§ **Activity**: Your task is to retype, exactly and only, the lines from the one containing "Figure 2. Poor" to the final line of the entries, leaving out all pictures.

§ **Exercise inputs**:
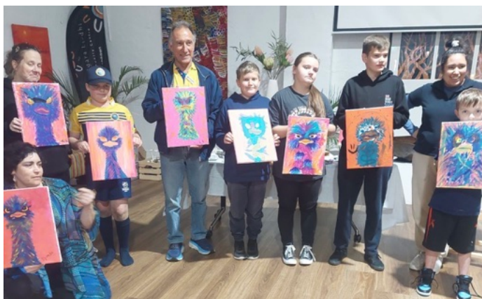
Some of the amazing emus that were created during the workshop.
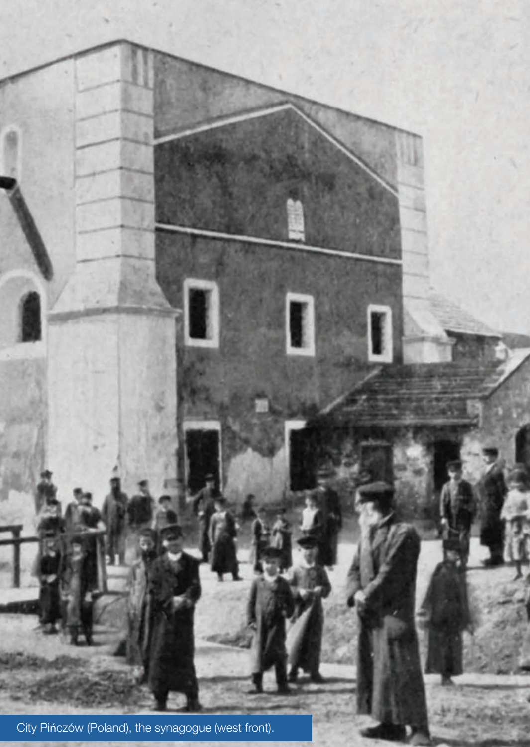
City Pińczów (Poland), the synagogue (west front).
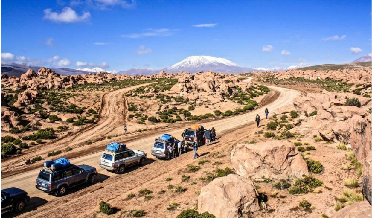
Four-Wheel-Drive Safari from Hito Cajon Chile to Uyuni Salt Flat Bolivia

Highlights • Brasil • Iguassu Falls • Argentina • Patagonia • Chile • Uyuni Salt Flat • Bolivia • Peru • Amazon • Ecuador • Galápagos Islands
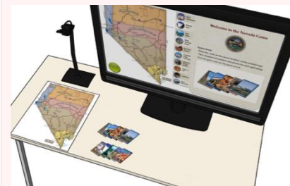
An ambient setup
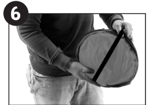
6 Finally, slide the elastic band over the kennel.
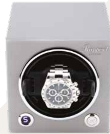
EVO45 Platinum Silver
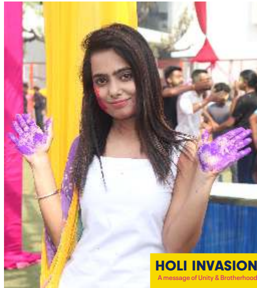
HOLI INVASION A message of Unity & Brotherhood
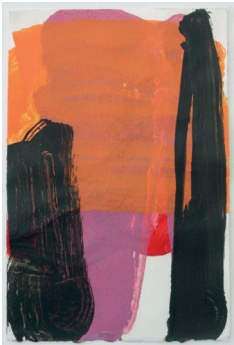
Untitled #4 2012 oil and acrylic on paper 11 1/8 x 7 5/8 in. / 28.5 x 19 cm

The paintings often suggest a figure, gaze slightly averted, but having a sense of weight that suggests sculptural form in conversation with painted image. The figurative allusions have a demure quality, emphasized by the sense of turning away that is implied by the broad brushstrokes atop the more solidly painted forms hidden beneath. A palette of bright colors, into which grey tones are worked, aids the often-melancholy mood of a Van Cauwenbergh painting. In Untitled #5 (The Encounter) (2012; oil and acrylic on paper), the theatrical nature of many of his compositions is revealed. A black, weighted form takes half-hidden center stage — an odalisque revealed through parted translucent curtains of dusky pink. A second coiled black form — sculptural and seemingly suspended from the top edge of the painting — seems captured in motion, stilled in the arc of a pendulum's swing, and is thrown into relief against a rising hillside whose terrain is pink powder against hard-bitten ruby lips. The space that is created, like in many of Van Cauwenbergh's paintings, is the space of the stage, a theatrical arena. Our gaze moves toward what we expect to be deep space, three-point perspective, but is consistently thwarted by the proscenium-inflected space. The implication of drama unfolding or stilled is potent.
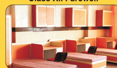
Hostel Facility for Boys
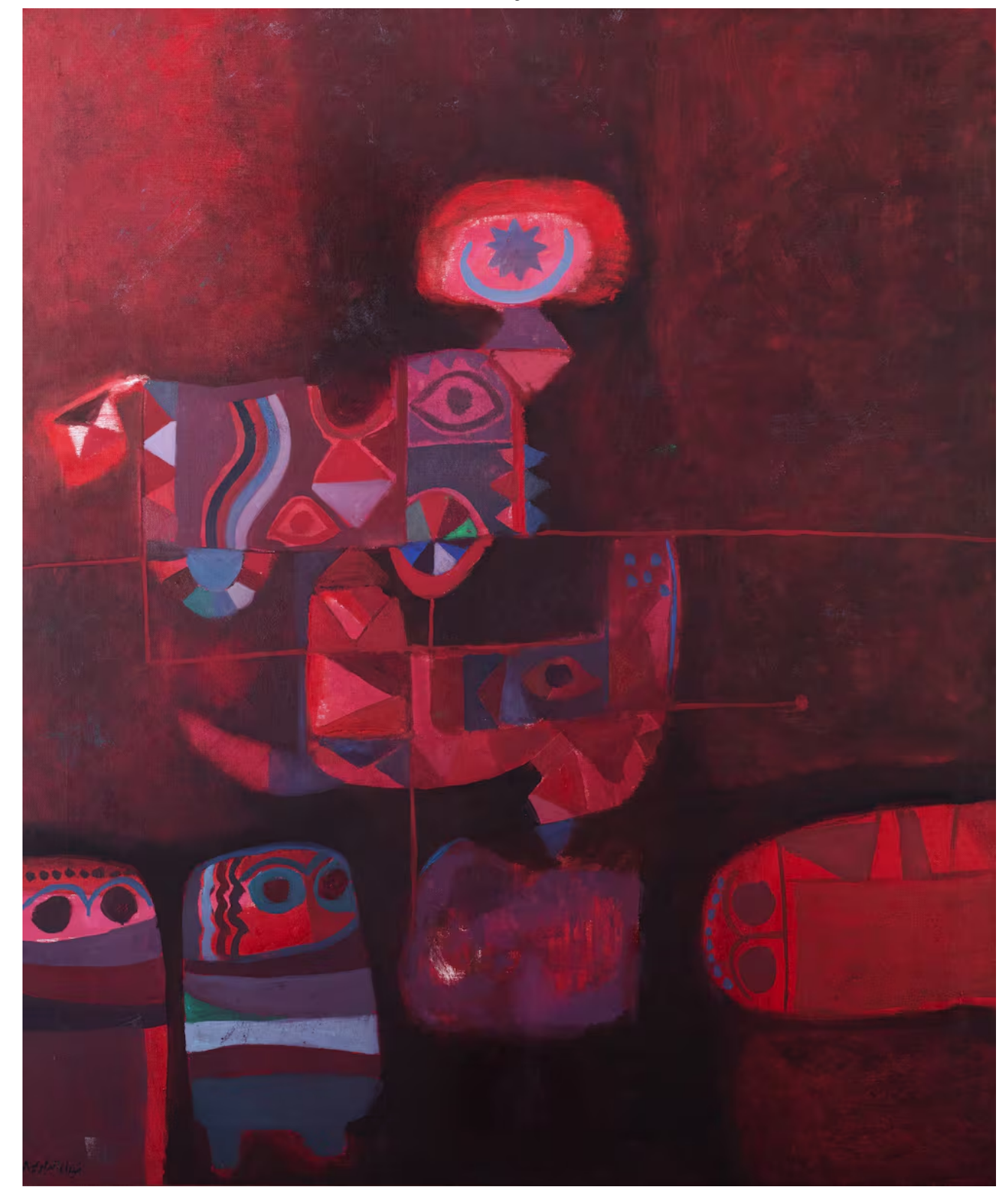
Dia Al Azzawi's Figures in Red.
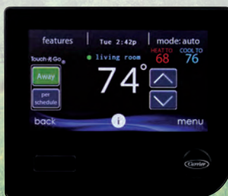
Infinity® System Control

* Full Infinity® System with the Infinity system wall control with Wi-Fi® capability. Remote access requires Wi-Fi model wall control and Apple® or Android® mobile device. Energy Tracking requires compatible equipment.
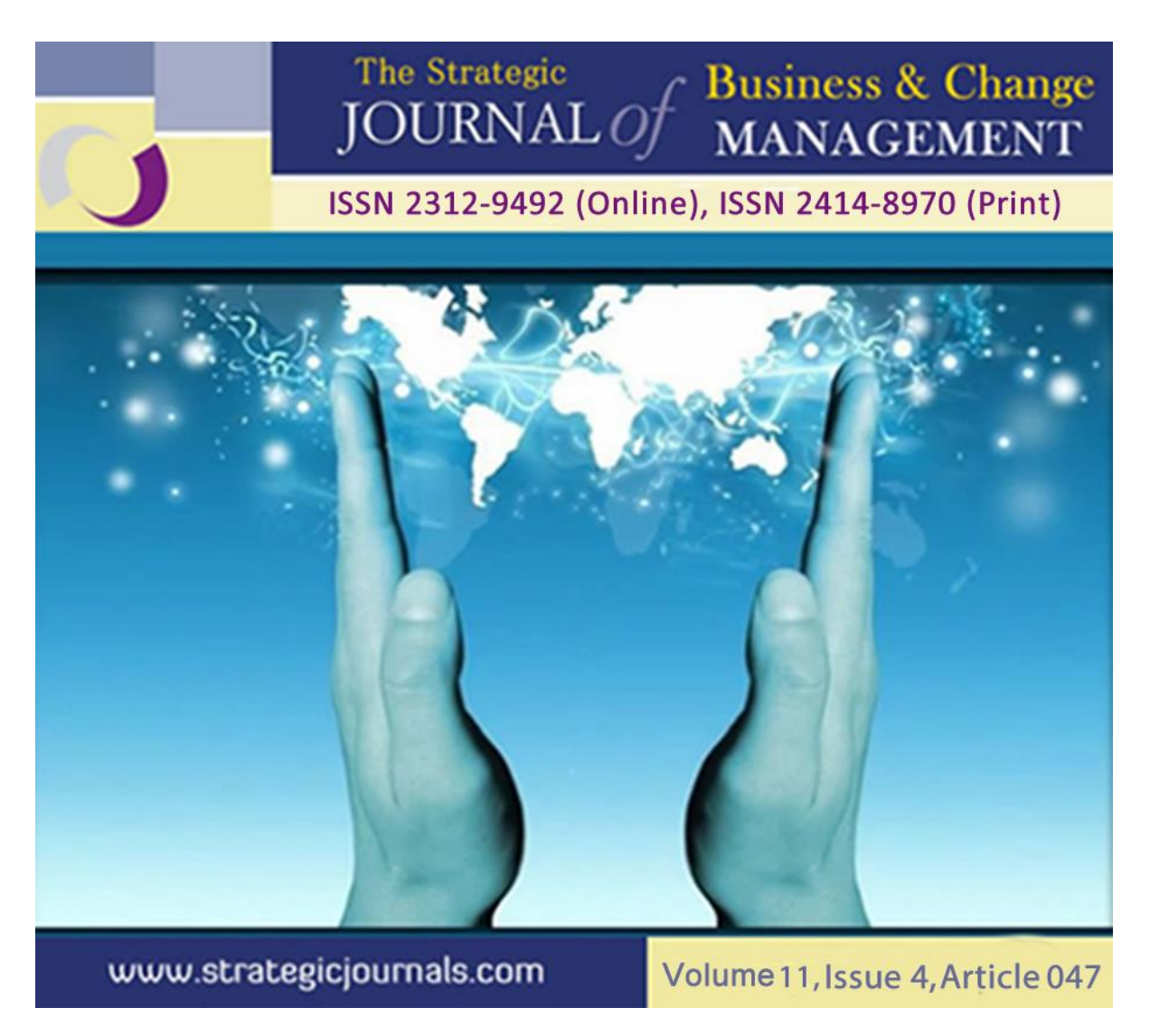
PERFORMANCE APPRAISAL STRATEGIES AND PERFORMANCE OF EMPLOYEES IN HEALTH SECTOR IN EMBU COUNTY, KENYA
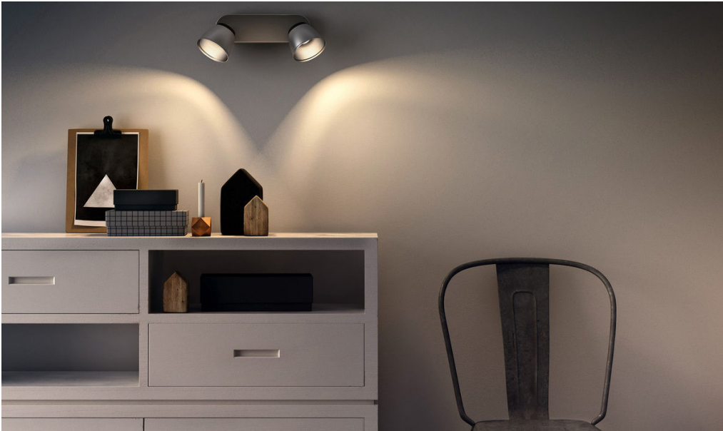
PHILIPS myLiving Spot light County matt chrome LED
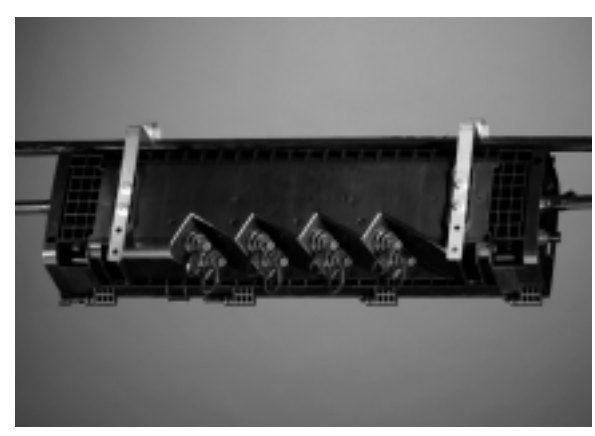
OptiSheath Advantage Aerial Terminal, (SCA-6T24) back | Photo SHD164
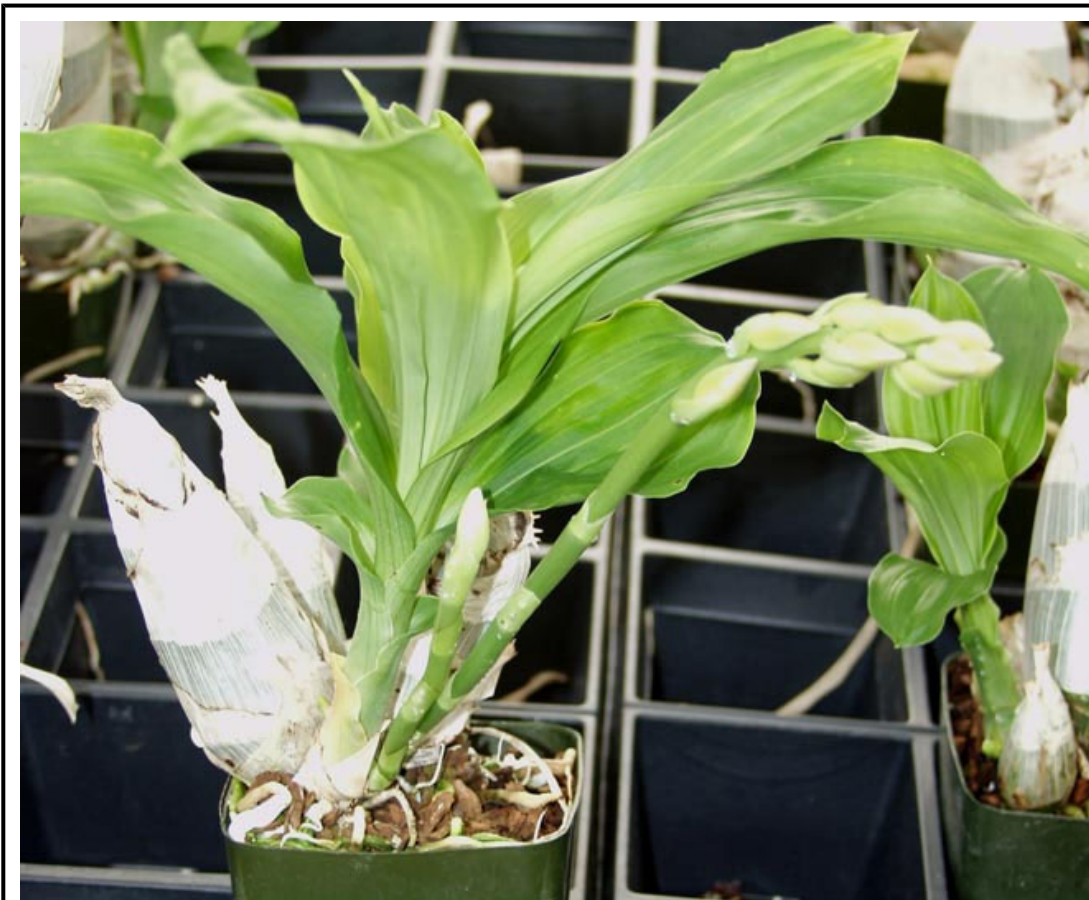
Fully rooted plant, top growth 10" water and fertilize regularly
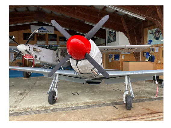
SW-51 Mustang Engine Cover

This cover type is made from Silver Acrylic Sunbrella canvas and is 100% lined with a soft and smooth microfiber. Bruce's Custom Covers developed this material combination especially for aircraft protection. The outer material is medium weight and treated for water resistance, UV resistance and anti-static buildup. The inner lining is a very soft and smooth microfiber to prevent scratching. The material is very reflective, and tests show that the cabin interior temperature can be reduced to near-ambient temperature on the hottest of days. It is water, ice and snow repellent, yet breathable to allow moisture to escape from between the cover and the aircraft surface.
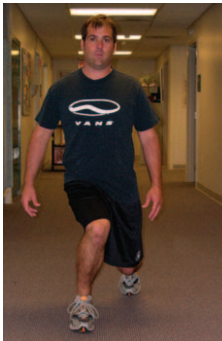
Figure 2. Poor lower extremity biomechanics observed during a lunge
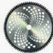
40 / 60 / 80 TEETH BLADE
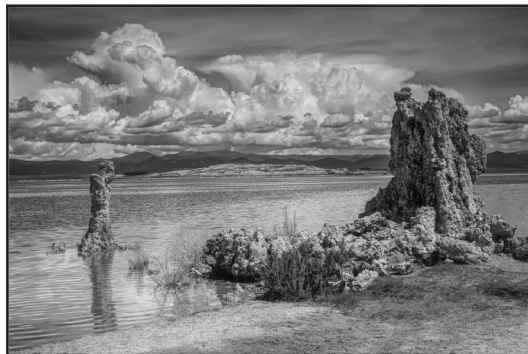
“Mono Lake Hoodoos” by Lucille van Ommering

§ **Written response**:
Figure 2. Poor lower extremity biomechanics observed during a lunge
40 / 60 / 80 TEETH BLADE
“Mono Lake Hoodoos” by Lucille van Ommering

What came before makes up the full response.